[MissoulaGov] Committee Update 3-2-11
sombra at centric.net
Thu Mar 3 09:13:27 MST 2011
Wasn't there a recent and complete rewrite of the city's zoning laws? Is this a return to the scattershot method of zoning? tc
----- Original Message -----
From: Bob Jaffe
To: missoulagov at cmslists.com
Sent: Wednesday, March 02, 2011 9:43 PM
Subject: [MissoulaGov] Committee Update 3-2-11
The main item for me today was the rezone request for 217 Catlin Street. http://www.ci.missoula.mt.us/DocumentView.aspx?DID=5591 This is the property across the street from the housing authority project on Catlin behind the Good Food Store. The parcel runs the full width of the block between Catlin and Garfield. The current zoning allows for 16 units per acre at a height of 35 feet. The developer is requesting to rezone the property to 43 units per acre at 45 feet. It is a 2+ acre parcel that could yield about 94 units at the proposed density. The developer’s stated intention is to build a complex of multi-family buildings with a total of 72 one bedroom units.

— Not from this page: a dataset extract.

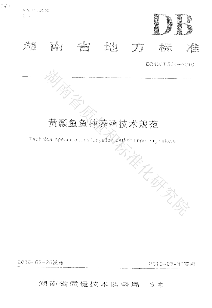 DB43/T 534-2010 黄颡鱼鱼种养殖技术规范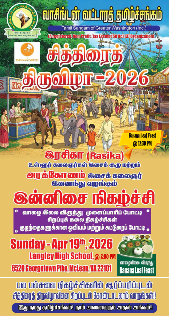 மரபு மிக்க வாசிங்டன் வட்டாரத் தமிழ்ச் சங்கம் 1979-ம் ஆண்டு தொடங்கி பொன்விழாவை நோக்கி வெற்றிகரமாகப் பயணிக்கிறது. வாசிங்டன் பகுதி வாழ் தமிழர்கள் தொடர்ந்து நம் மொழி, கலாச்சாரத்தை கட்டிக்காக்கும் வகையிலும், அடுத்த தலைமுறை நம் தமிழ் மொழியைப் போற்றும் வகையிலும், நல்ல பல நிகழ்ச்சிகளை, திட்டங்களை ஆண்டுதோறும் நம் சங்கம் முன்னெடுத்து வருகிறது. இந்த நீண்ட நெடிய தமிழ் சங்கத்தின் பயணம் என்பது, கடந்த காலங்களில் பல தமிழ் தன்னார்வலர்கள், இரவு பகல் பாராது தங்கள் நேரத்தையும், சிந்தனையையும் அளித்து திறம்பட வளர்த்து வந்ததன் வெளிப்பாடாகும். அந்த நிர்வாகிகளுக்கும், தன்னார்வத் தொண்டர்களுக்கும் இந்த நேரத்தில் நாம் மனதார நன்றி கூறக் கடமைப்பட்டுள்ளோம். புலம் பெயர்ந்த தமிழர்களாகிய நாம் ஒற்றுமையாக ஓரே அமைப்பாக நமது இருப்பை உணர்த்திக் கொண்டே இருப்பது முக்கியம். ஒவ்வொரு வெளிநாடு வாழ் தமிழரும் அருகில் உள்ள தமிழ் சங்கங்களில் இணைந்து அந்த அமைப்புகளை வலிமை உள்ளதாக ஆக்குவது தமிழராகிய நம் ஒவ்வொருவரின் கடமை. நாம் தமிழ்நாட்டில் இல்லாத குறையைப் போக்கிக்கொள்ள சித்திரைத் திருவிழா, முத்தமிழ் விழா, குழந்தைகள் தினவிழா, பொங்கல் விழா, தமிழ் இசை விழா போன்ற பல விழாக்களை ஒவ்வொரு ஆண்டும் மிகச் சிறப்பாக நடத்திக்கொண்டு வருகிறோம். இவைகளைத் தாண்டி, வாசிங்டன் வட்டாரத்திற்கு வரும் பல சிறப்பு விருந்தினர்களை, எழுத்தாளர்களை, சிந்தனையாளர்களை கவுரவப்படுத்தி பல கலந்துரையாடல் நிகழ்வுகளையும் தொடர்ந்து செய்து வருகிறோம். நம் குழந்தைகள் நன்கு தமிழ் கற்று, நம் மொழியின் அருமையை உணர்ந்துகொள்ளும் நோக்கில் நம் பகுதியில் நடத்தப்படும் தமிழ் பள்ளிகளுக்கு தமிழ்சங்கம் ஊக்கமும், உற்சாகமும் அளிக்கிறது. வெள்ளிவிழா கண்டு , பொன்விழாவை நோக்கி வீறுநடை போடும் நம் தமிழ்ச்சங்கப் பகுதியில் “வாசிங்டன் வட்டாரத் தமிழ் மையம்” அமைத்தல் நம் நீண்டநாளைய குறிக்கோள். வாசிங்டன், மேரிலாந்து மற்றும் வெர்ஜினியா பகுதியில் வாழும் தமிழர்கள் ஒவ்வொருவரும் தமிழ் சங்கத்தில் உறுப்பினராக சேர்ந்து பயன்பெறுமாறு அன்புடன் அழைக்கிறோம்.

As one may expect, the neighbors to the project are unhappy. They say that they welcome development of the parcel, but not at two or three times the currently allowed zoning. Unhappy is probably an understatement. Some of them are passionately displeased.
This is the first controversial development proposal we have seen in quite some time. Possibly it’s a good omen for the economy.
The issues are that we have various growth policies and transportation plans and visions for the future that all promote the virtues of infill and compact development near the urban core in proximity to services. But where is the limit? A few years ago we approved the UFDA plan (Urban Fringe Development A??). This document built off the premise that the historical growth in Missoula has been about 2% per year. So if we project out the next 20 years or so we figure we need so many additional units to be constructed. Then through some semi-scientific process figure out how many of those units should be absorbed in each section of town. Then we can look at the zoned potential of parcels that currently have an assessed land value that exceeds the assessed improvements value. This represents readily developable land.
In this particular section, Russell to Reserve, the zoned potential of developable land can hold twice the number of units that we anticipate needing. So one may question why we would even consider allowing such a dramatic upzone when the current zoning supports adequate development for our long term growth plans.
What we are being told is that even though the zoning density supports our growth plans, it does not support the cost of development. The developer’s representatives, Jamie Hoffman and Ken Jenkins, told us that you can not build at 16 units per acre and make money. Jamie said that of the nearly 30 multi-family projects he has been involved in over the years only a few have been less than 20 units/acre. Generally they get built in commercial zones not encumbered by density limits.
If this is indeed the case, then we have a bit of a problem. I know we have gone over this before but it has been a while. It would be nice if someone in the development community could do a little presentation on the economics of real estate development. Here are my wild ass guesses on this project: $400,000 for the land. I would hope there is some economy of scale when building something like this so lets say $90 per foot. 72 one bedroom units. Let’s guess 500 feet each. That comes to $3,640,000. Round it up to $4 million with parking, landscaping, and whatever else may be involved.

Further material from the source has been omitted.